I wanted to add a plug for Namecheap.com as well. Great hosting, no hassle it was amazingly difficult to move from GoDaddy; because GoDaddy made it a difficult but been happy with Namecheap ever since.
Pretty nice post. I just stumbled upon your weblog and wished to say that I’ve really enjoyed browsing your blog posts. In any case I will be subscribing to your feed and I hope you write again soon!… (sorry, couldn’t resist) 🙂
Oh no, another robot. 😉
If you really want to get paranoid, real Tom Clancy’s new book, Threat Vector. I hope someone in one of our intelligence agencies has read it.
Interesting info. Glad you’re taking steps to suppress this scourge.
Very interesting!
Thank you for sharing
The attempts to login to the site have continued. About 4700 tries yesterday. Curiously there are about a dozen attempts from many different (no doubt spoofed) IP addresses.
Seems it’s now time to double secure the login and admin pages. For the reasons noted earlier, a “login lockdown” script doesn’t make sense as it will not shed the load of all the login attempts, nor would it really prevent the continued brute-force attacks.

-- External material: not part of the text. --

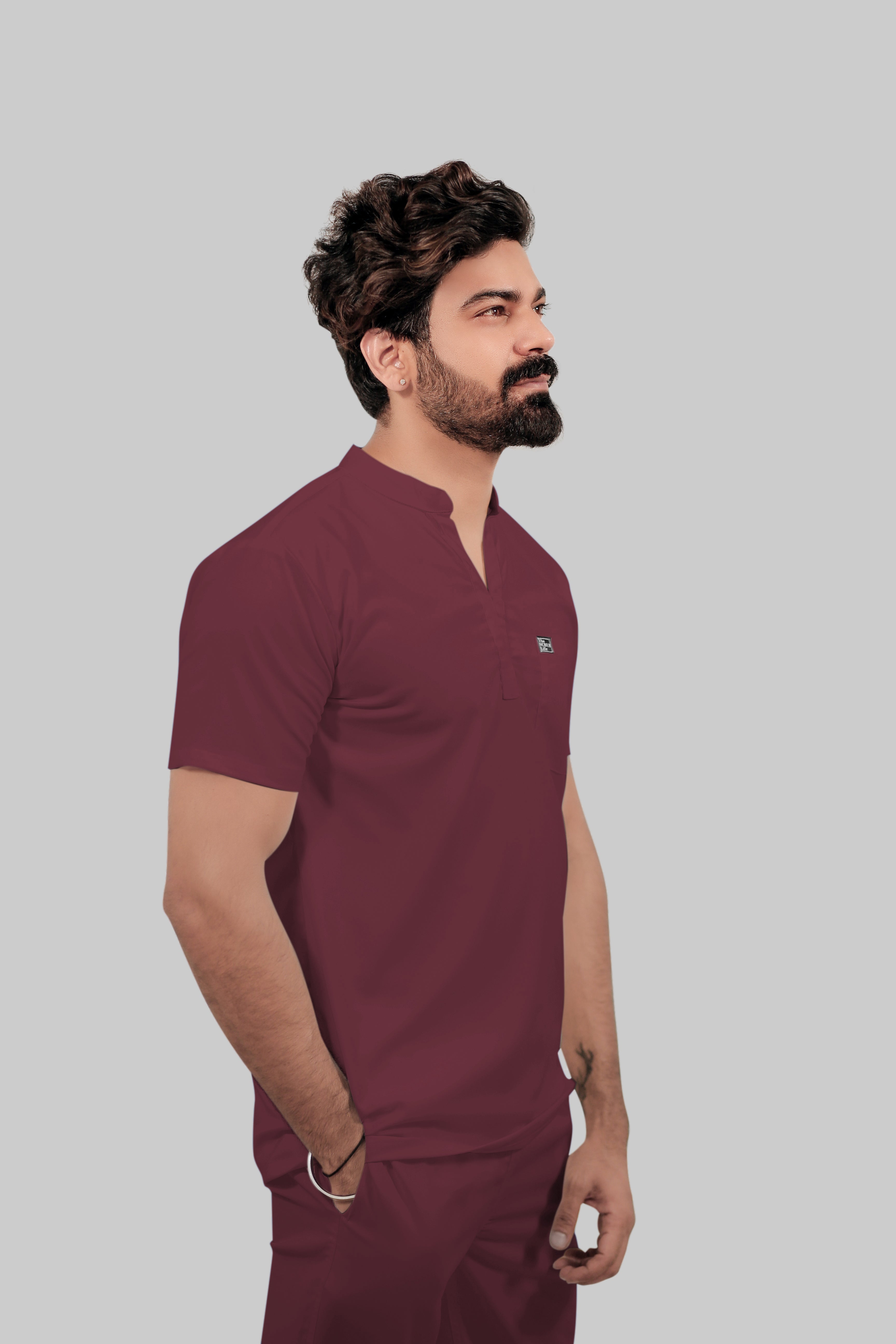 Stretchable (4Way) Male Mandarin Neck Burgundy Scrub Top

So what is next is adding authentication to access the WordPress pages (wp-login and wp-admin). A simple method would be to require a specific cookie – then it would be portable and low trouble. However I’ve found I really like using LastPass so creating completely unguessable ids and passwords is easy to do and to manage. For example, LastPass just generated this: vBs!P5!46%GR.
Some other steps I’ve taken include changing my permissions on my primary account to give very little access and creating and admin account with a userid and password like the one I gave above.
To follow up with my prior content, The folks at Tips and Tricks have rolled the login attack logic into a very good – and free – plugin that I use and highly recommend: All In One WordPress Security: http://www.tipsandtricks-hq.com/wordpress-security-and-firewall-plugin
I am using the “Cookie Based Brute Force Rejection” rejection method in the “Brute Force” page.